In 1762, they'd walked the levee path in silver moonlight, her hand inches from his but never quite touching.

Protocol demanded distance between merchant's daughter and mysterious gentleman caller. But Charlotte had stopped suddenly, pressing fingertips to her temple. "This route," she'd whispered. "I've walked it before. Not in this life, but . . . I know where every loose brick waits to trip me. I know the exact spot where jasmine grows wild over the garden wall." When he'd asked her to explain, she'd shaken her head, copper curls catching moonlight. "Like remembering someone else's dreams. Beautiful and terrible at once."

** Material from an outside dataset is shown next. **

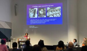 発表会場のルームCには、早めに入りました。壇上で予行演習をしていたら、他の発表者も集まってきて、みんなで記念撮影をしました。フレンドリーな人達が多くて、和気あいあいとした雰囲気のルームでした。

"Memory creates patterns when we're under stress," Bastien said now, offering truth wrapped in safe language. "Dreams, books, conversations—they blend together until the past feels more real than the present."

"You think I'm having a breakdown."

Bastien sighed quietly. He didn’t want Delphine to think she was going mad but he still wasn’t quite ready to unveil all the truths she’d eventually need to hear. "I think you're experiencing something meaningful. The question is whether you need to understand its origins, or whether the significance lies in how it's changing you now."

Delphine set down her glass with deliberate care. "You do that constantly. Answer without answering. Dance around truth like it might bite you." Her eyes held directness that belonged purely to this lifetime—Charlotte had been subtler, more willing to approach difficult topics sideways, but this was very much like Delia, who he'd been able to love fully, openly. "Is that investigator training or personal habit?"